From Ergo Log
If you are slimming you’ll lose weight quicker if you confine your carb intake [like pasta, rice, bread, potatoes and fruit] to the evenings. Nutritionists at the Hebrew University of Jerusalem discovered this when they put about sixty overweight policemen and women on a six-month diet.
Intermittent fasting is popular the sports world, not least because of the good results that trainers and athletes have had with this. Take a look at the website of bodybuilder, trainer, consultant and writer Martin Berkhan [leangains.com]. The essence of intermittent fasting is that, instead of trying to divide up the different classes of food you eat, as many dieticians recommend, you concentrate your food intake so that you have relatively long periods of not eating.

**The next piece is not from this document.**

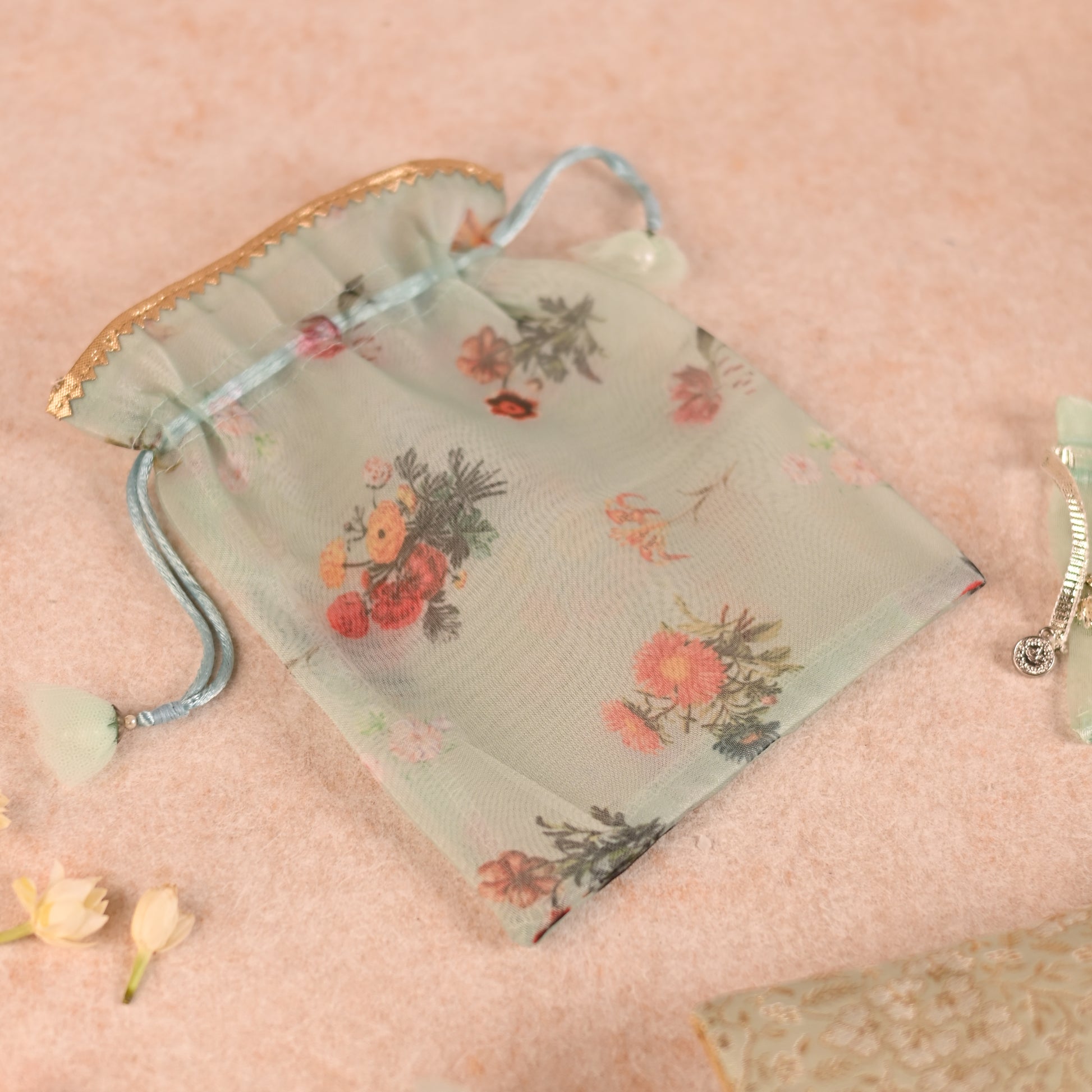 - Combo includes: Saree Cover, Favor Potli, Coin Pouch, Mini potli

There are several ways of doing intermittent fasting. Berkhan advises that you only eat during an eight-hour period of the day, and that you plan your workouts in the first part of that eight-hour period. Your biggest meal, which is also the one containing the most carbs, you plan for after your training session.

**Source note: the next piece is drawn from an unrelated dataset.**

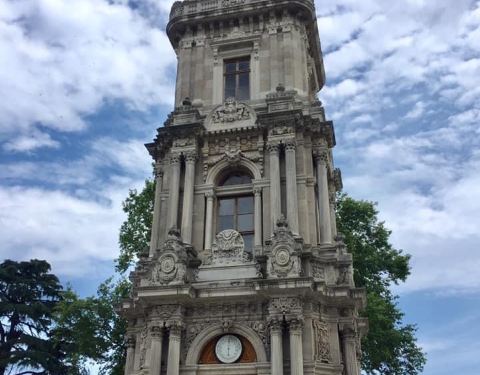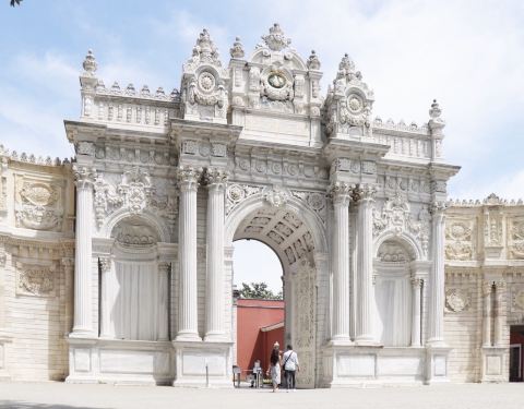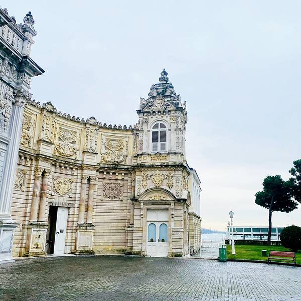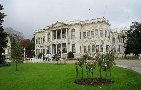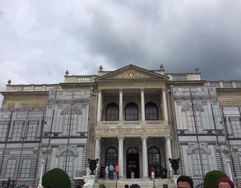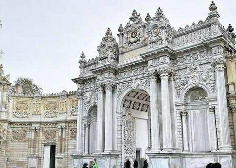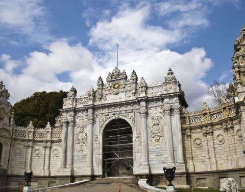 多尔玛巴赫切宫位于伊斯坦布尔的新城区,又被俗称为奥斯曼帝国新王宫。宫殿高大宽广,气势恢弘,隐约透露着曾经盛极一时的奥斯曼帝国的辉煌与富庶。“多尔玛巴赫切”的土耳其语意为填土兴建的庭院。这座宫殿于19世纪中叶,在原有的港口结构上建起的,它地处水滨,风景秀丽,依附在博斯普鲁斯海峡的欧洲沿岸上,是奥斯曼王朝后六位苏丹执政之所。宫殿成熟的建筑水平使得宫殿围墙全长达600米,内墙则铺满金箔,主体采用白色大理石及埃及雪花石打造。通过一扇装饰华丽的大门,就进入了花园环绕的王宫,花园里的花草树木都得到精心的照料,园内还矗立着一座巴洛克式的钟塔,根据推测这座钟塔当年还兼具警戒塔的作用。由于宫殿目前还为政府机关所用,因此门口依然有卫兵站岗,门禁森严,纹丝不动的卫兵也成为这里一道风景线。跟随导游参观宫殿宫殿主要由两大部分组成,分别为礼仪宫(Selamlık)、后宫和嫔妃院(Haremlik),共有285个房间、43间厅堂和6个土耳其浴室,堪称美仑美奂的杰作。游览时你必须在导游的带领下参观这两个地方,不能单独走动。游览一般分为两条线路,导游解说都为英语或土耳其语,基本上每条线路的游览时间在30-40分钟左右。如果你时间上很紧建议仅游览礼仪宫。礼仪宫与水晶阶梯从宫殿正门进入后,首先参观的就是礼仪宫,这里有接待各国使节的迎宾厅、候客室、与政府要员开会密谈的房间、浴室和儿童房等。另外,土耳其地毯、水晶烛台、象牙、黄金以及各国赠送的装饰品也值得仔细观赏。特别要一提的是这里的楼梯厅,支撑楼梯扶手的支柱是用水晶打造的,故称为“水晶阶梯”。阳光从玻璃帷幕顶棚照入室内时,就会呈现光彩夺目的景象。由顶棚垂悬而下的水晶灯重约2.5吨,为法国帕卡拉产的水晶。苏丹的加冕仪式都在这里举行,你可以看到用黄金镶成的苏丹的宝座。后宫与嫔妃院出了礼仪宫之后,占据宫殿北边大半部的就是后宫了,这里是除了苏丹和王子外,其他男人不得进入的地方。这个后宫与之前的帝王厅只有一道铁门之隔,这里根据嫔妃们的喜好装饰成不同样子的房间,洋溢着浓郁的西式风格。比如黄厅就是后宫女眷们开会的场所,这里是后宫大的一个房间。在寝宫的后面设有儿童房间,每样东西都小巧玲珑,造型相当可爱。另外,这里还有土耳其国父阿塔土耳克临终的房间,床上盖着丝绸做的土耳其国旗,墙上的时钟则永远停留在他逝世的时间9点零5分。其他看点参观完以上两条线路之后,有时间还可以去水晶宫和钟表馆看看。宫殿沿着海峡还有一条长160米的码头,据传昔日都是以船只为进出此宫殿的主要工具,当然目前已搁置不用。你可以站在这里远眺一下对岸秀美的风景并合影留念。此外,花园内钟塔的旁边还有一个露天的咖啡馆,走累的话可以坐下来喝杯咖啡,看看蓝天,吹吹海风。

That this approach may be effective is suggested by the Israeli study, which will soon be published in Obesity. In the study, test subjects with a BMI of over 30 followed a diet that contained 1300-1500 calories per day. The energy was derived for 20 percent from proteins, 30 percent from fat and 50 percent from carbohydrates.
The control group divided their carb intake over the day; the experimental group ate as much of their carbs as possible at the evening meal. The experimental group ate a breakfast of nuts and low-fat yogurt or cream cheese, and lunch consisted of meat with vegetables.

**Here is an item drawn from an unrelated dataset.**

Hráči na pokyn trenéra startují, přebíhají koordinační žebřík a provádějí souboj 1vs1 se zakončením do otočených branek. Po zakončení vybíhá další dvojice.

Concentrating the carbohydrates in the evening meal resulted in a higher weight loss, as the table below shows. The control group lost five kg fat; the experimental group lost seven kg.
The researchers asked the police subjects how hungry they felt, and translated their answers into hunger-satiety scores [H-SSc]. The higher the score, the less the hunger. As the experiment wore on, the sensation of hunger diminished in the experimental group.
Concentrating carb intake in the evening meal was also more healthy, and resulted in an increase in the secretion of the ‘good fat hormone’ adiponectin. Adiponectin helps the muscles to absorb more nutrients from the bloodstream. In addition, the concentration of inflammatory proteins such as CRP, TNF-alpha and Interleukine-6 decreased more in the experimental group than in the control group. The ‘morning’ insulin and glucose levels were lower in the experimental group than in the control group, and their concentration of HDL, ‘good cholesterol’, was higher.
“We have demonstrated improvement in hunger/satiety status, persistence in the weight loss process, better anthropometric outcomes, improved insulin sensitivity, improvement in metabolic syndrome parameters, less inflammation and hormonal changes, following simple carbohydrate manipulation”, the researchers conclude. “Our results provide a scientific basis for proposing possible dietary alternatives that may be beneficial for people suffering from obesity, insulin resistance, and the metabolic syndrome and experiencing difficulties in maintaining a weight loss diet over the long term.”
Obesity (Silver Spring). 2011 Apr 7. [Epub ahead of print].